Observo em mim mesmo a paixão por livros, pela música clássica, pelo cinema de arte, pela visitação de museus em busca da mera fruição estética (ato de desfrutar ou ter prazer de algo), enfim, por experiências profundas que ocorrem em sua temporalidade necessária e natural, sem acelerações, sem desvios, sem a espetacularização feita para prender e vender, e outras características associadas ao mundo virtualmente conectado. Por isso, sei muito bem como as tendências regidas pelo hábito atuam imperiosamente sobre o trabalho intelectual que tenta refletir a contemporaneidade. Entretanto, por mais que algumas pessoas digam o mesmo, não deixam de transparecer crenças aferradas a um partido.
O costume é efetivamente um pérfido e tirânico professor. Pouco a pouco, às escondidas, ganha autoridade sobre nós; a princípio terno e humilde, implanta-se com o decorrer do tempo, e se afirma, mostrando-nos de repente uma expressão imperativa para a qual não ousamos sequer erguer os olhos [1].
Não é nada condenável, em verdade. É admirável que alguém tenha paixões tão enraizadas a ponto de lutar ardentemente para defendê-las. Todavia, na busca do meio-termo aristotélico[2], o pêndulo é o objeto que melhor representa a atitude ideal: sem nunca parar em alguma extremidade, transita no mesmo compasso por ambas - a imobilidade, na posição que for, implica em atrofiamento da capacidade crítica adaptativa. Logo, creio que ousar sair um pouco de si, possa ser produtivo no âmbito de um conhecimento menos pessoal que ultrapasse os costumes naturalizados e reconheça o mundo digital imparcialmente, sem os preconceitos herdados de uma tradição aristocrática que dissimuladamente permeia nossas vidas.
A ideia inicial surgiu a partir de algumas curiosidades históricas recolhidas por aí.

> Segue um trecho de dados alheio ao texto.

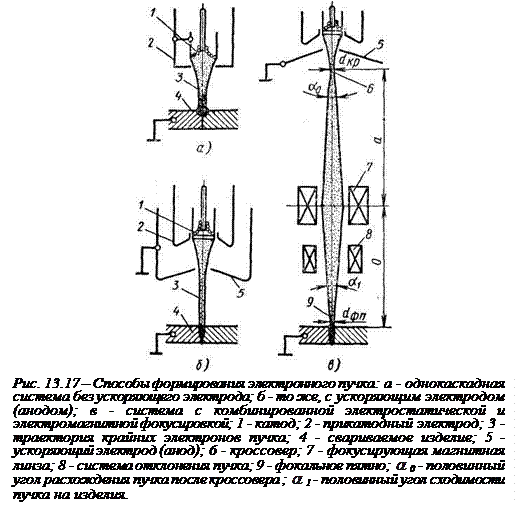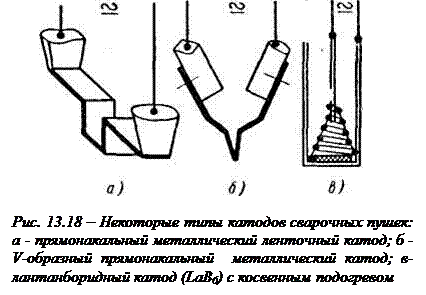 Наиболее совершенны пушки с комбинированной электростатической и электромагнитной фокусировкой пучка. Пушка состоит из катода прикатодного электрода, ускоряющего электрода-анода и электромагнитной фокусирующей системы (рис.13.17, в). Катоды электронных пушек должны удовлетворять ряду требований: они должны обладать высокими эмиссионными свойствами, устойчиво работать в условиях вакуума, используемого при сварке, иметь достаточную долговечность и т. п.
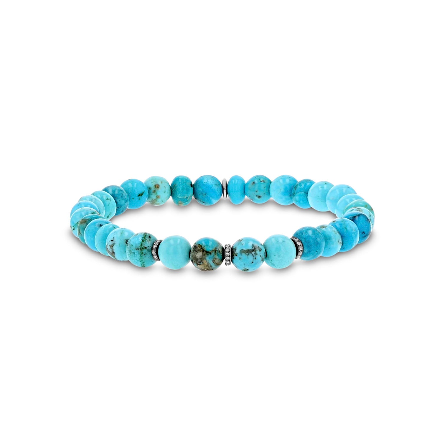 - Bracelet 1: 6mm smooth rondelle and round beads; 1 6mm diamond donut (0.30 carats)
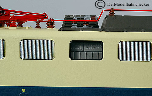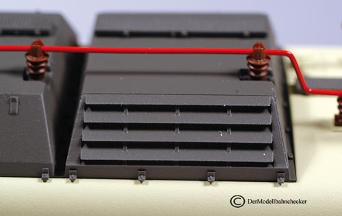 Feine Gravuren sind am gesamten Lokkasten, der aus Metall geformt wurde, sowie an den Drehgestellblenden und bei den Dachaufbauten vorhanden.
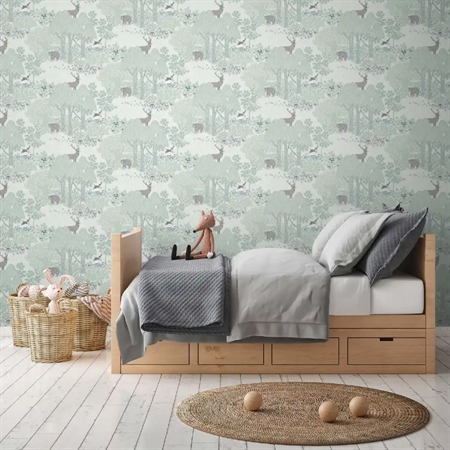 Forest fra vores Lilly & Luis kollektion inviterer naturens ro ind i børneværelset med et eventyrligt skovtema. Designet viser blide trækroner, diskrete dyrefigurer og sart grønne toner, som stille folder sig ud over væggen og skaber en drømmende, næsten eventyrlig atmosfære — ideel som en beroligende baggrund for leg og ro.
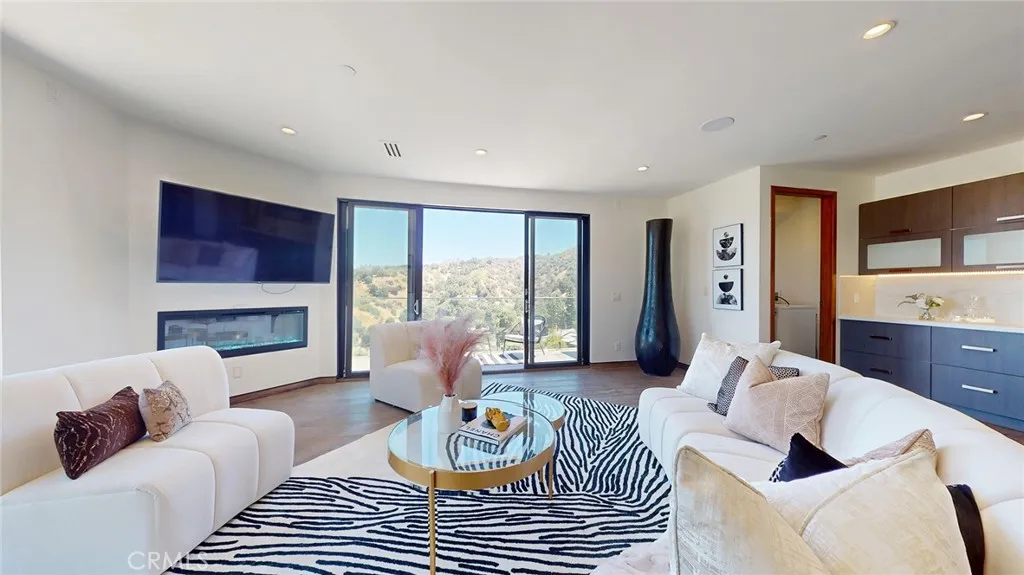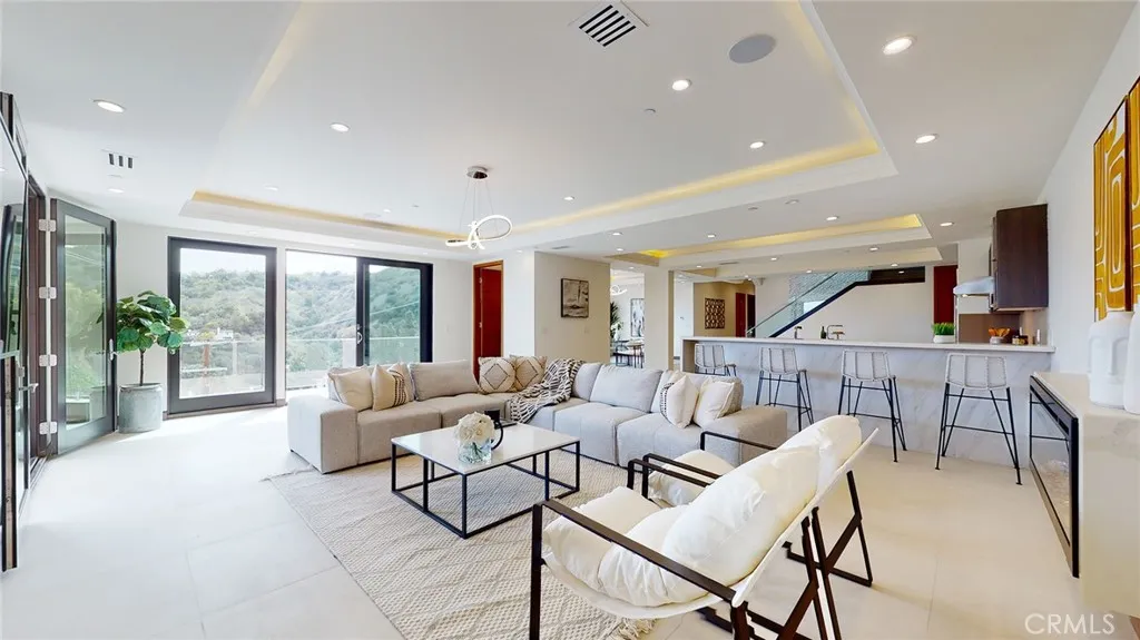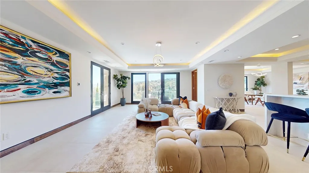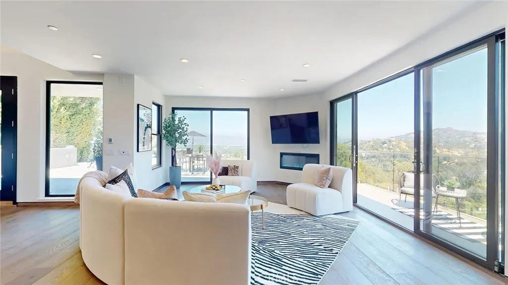 Nestled in the coveted Silver Triangle of Studio City, this stunning gated estate offers unparalleled luxury living with premium finishes throughout. A grand two-story entry sets the tone for this 5-bedroom, 5-bathroom home with two additional powder rooms and multiple balconies showcasing breathtaking canyon and city views. Designed for both comfort and elegance, the open-concept layout features a chefs kitchen equipped with a Sub-Zero refrigerator and a generous island ideal for entertaining. Sophisticated smart home features include a Control4 system, security cameras, and a 2-car garage with ample guest parking. The expansive 2,000 sq. ft. patio is perfect for outdoor gatherings or quiet relaxation. Outdoor enthusiasts will appreciate the proximity to Fryman Canyon trails, just moments away. Dont miss the opportunity to own this extraordinary property offering serenity, privacy, and luxurious living in one of Studio Citys most sought-after neighborhoods. Pool images are renderings only, intended to illustrate potential design ideas. No permits have been issued. Buyers are advised to conduct their own due diligence regarding feasibility and installation costs. Please note: Pool images are artists renderings provided for illustrative purposes only

Veja, gostamos de dizer que estamos na época mais única de toda a humanidade, que nunca houve tantas mudanças significativas em tão pouco tempo, que a organização da realidade nunca sofreu tanto impacto no que diz respeito a alterar a maneira de estar no mundo etc. Não desejo discordar dessas exclamações, acredito que possam ser verdadeiras. O problema está na fascinação que provocam, na luminosidade que cega enquanto impele o cerne da questão para a amplitude da diferença e não para a diferença em si.

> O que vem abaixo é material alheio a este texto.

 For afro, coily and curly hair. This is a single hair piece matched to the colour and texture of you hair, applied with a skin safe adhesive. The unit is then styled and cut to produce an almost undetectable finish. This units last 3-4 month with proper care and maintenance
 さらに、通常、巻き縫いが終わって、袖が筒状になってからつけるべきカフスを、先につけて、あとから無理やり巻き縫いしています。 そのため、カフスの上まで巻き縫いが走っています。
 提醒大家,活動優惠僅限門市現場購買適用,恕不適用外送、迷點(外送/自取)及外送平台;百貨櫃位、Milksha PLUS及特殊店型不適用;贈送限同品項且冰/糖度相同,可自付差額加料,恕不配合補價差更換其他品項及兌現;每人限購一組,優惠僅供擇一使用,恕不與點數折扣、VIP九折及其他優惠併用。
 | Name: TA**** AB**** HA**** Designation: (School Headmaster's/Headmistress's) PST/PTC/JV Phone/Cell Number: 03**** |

Sim, de fato, os aparelhos eletrônicos são uma tecnologia completamente surpreendente; porém, há aspectos da nossa relação com objetos – antigos e modernos - mais regulares do que parecem ser. Por exemplo, em “A multidão e as massas”, de Gabriel Tarde, nota-se que o impacto provocado pela disseminação do jornal impresso não foi tão diferente de críticas que hoje atribui-se ao celular: “Nossa Universidade não tem mais a ideia da afluência e da atenção de outrora, em seus anfiteatros hoje desertos em três quartas partes. A maioria dos que antes estariam apaixonadamente curiosos por ouvir um discurso pondera hoje: ‘Eu o lerei em meu jornal’”[3]. Tal passagem não parece muito similar à opinião geral acerca do celular? Como os alunos hoje podem transcorrer o período de uma disciplina utilizando-o como apoio a fim de ignorar a dimensão presencial? Ou a como a atenção em coisas realmente importantes é diluída nas tecnologias menores que fornecem sínteses dos mais diversos assuntos?

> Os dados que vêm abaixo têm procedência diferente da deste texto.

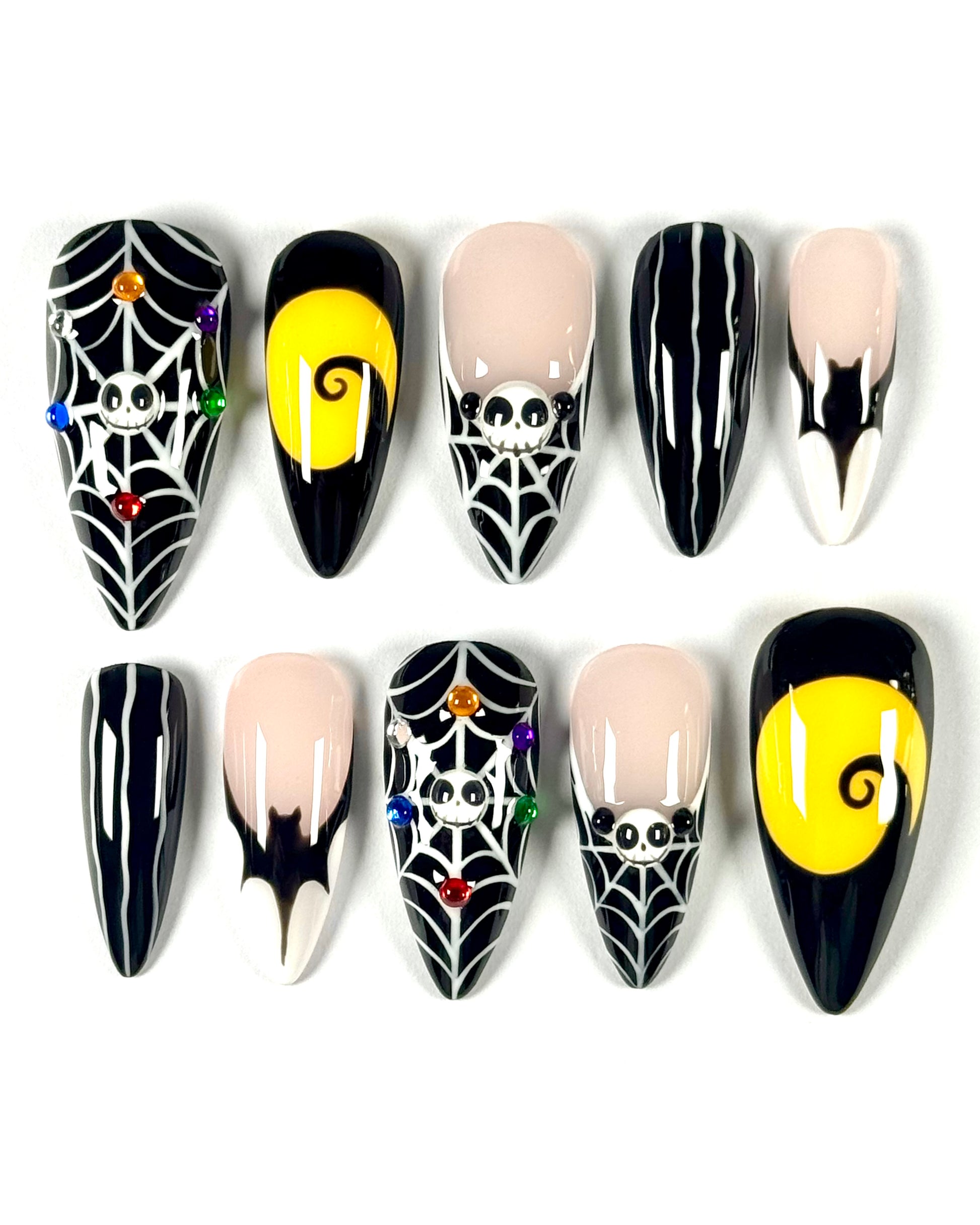 Entre toiles d’araignée, pleine lune dorée et costume rayé emblématique, chaque détail rend hommage à Jack Skellington 💀
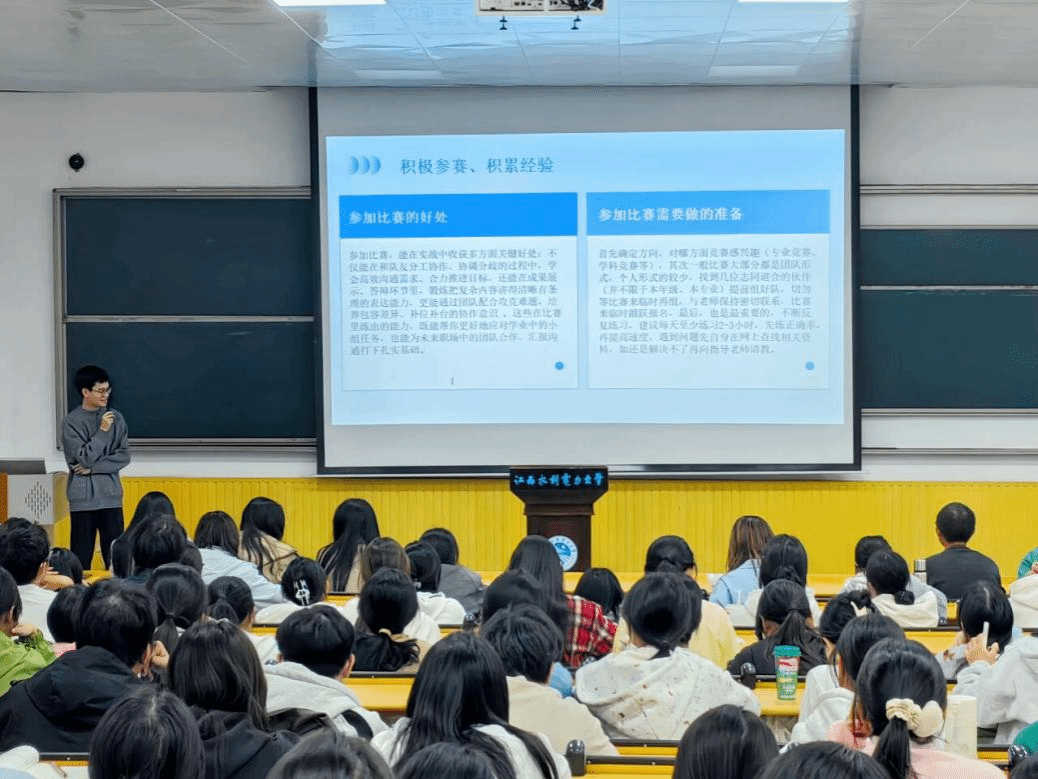 宣讲会伊始,辅导员谌老师为同学们详细解读了本科生国家奖学金政策及参评条件,为在场学子明晰奋斗目标与方向。随后,五位国家奖学金推荐者依次上台分享,以自身经历为蓝本,从学习科研、竞赛拼搏、社会实践、志愿服务以及个人成长等多个维度,毫无保留地分享宝贵经验与心路历程,用鲜活的故事点亮台下每一位同学的逐梦之路。

Os eruditos de alguns séculos atrás achavam que a tradução de livros importantes para a “língua vulgar”, ou seja, aquela que é democrática, que dispensa o latim ou o grego utilizado somente nas academias, destruiria o conhecimento ao permitir que “ignorantes” tivessem acesso a eles. Da invenção da imprensa, dizia-se o mesmo. Quando olhamos para trás, percebe-se que todos os humanos em quase todas as épocas achavam que alguma invenção nova, seja ela uma dança, um instrumento, uma mídia, um gênero musical, um estilo de arte, uma roupa, ou qualquer tipo de coisa impactante que ameaçasse o status quo, destruiria o modo “correto” de conhecer e viver. Somos, em geral, incapazes de entrever a verdade fora de nossas opiniões, fora das leis e costumes que estruturam o presente, tamanho é o peso da tradição em nós.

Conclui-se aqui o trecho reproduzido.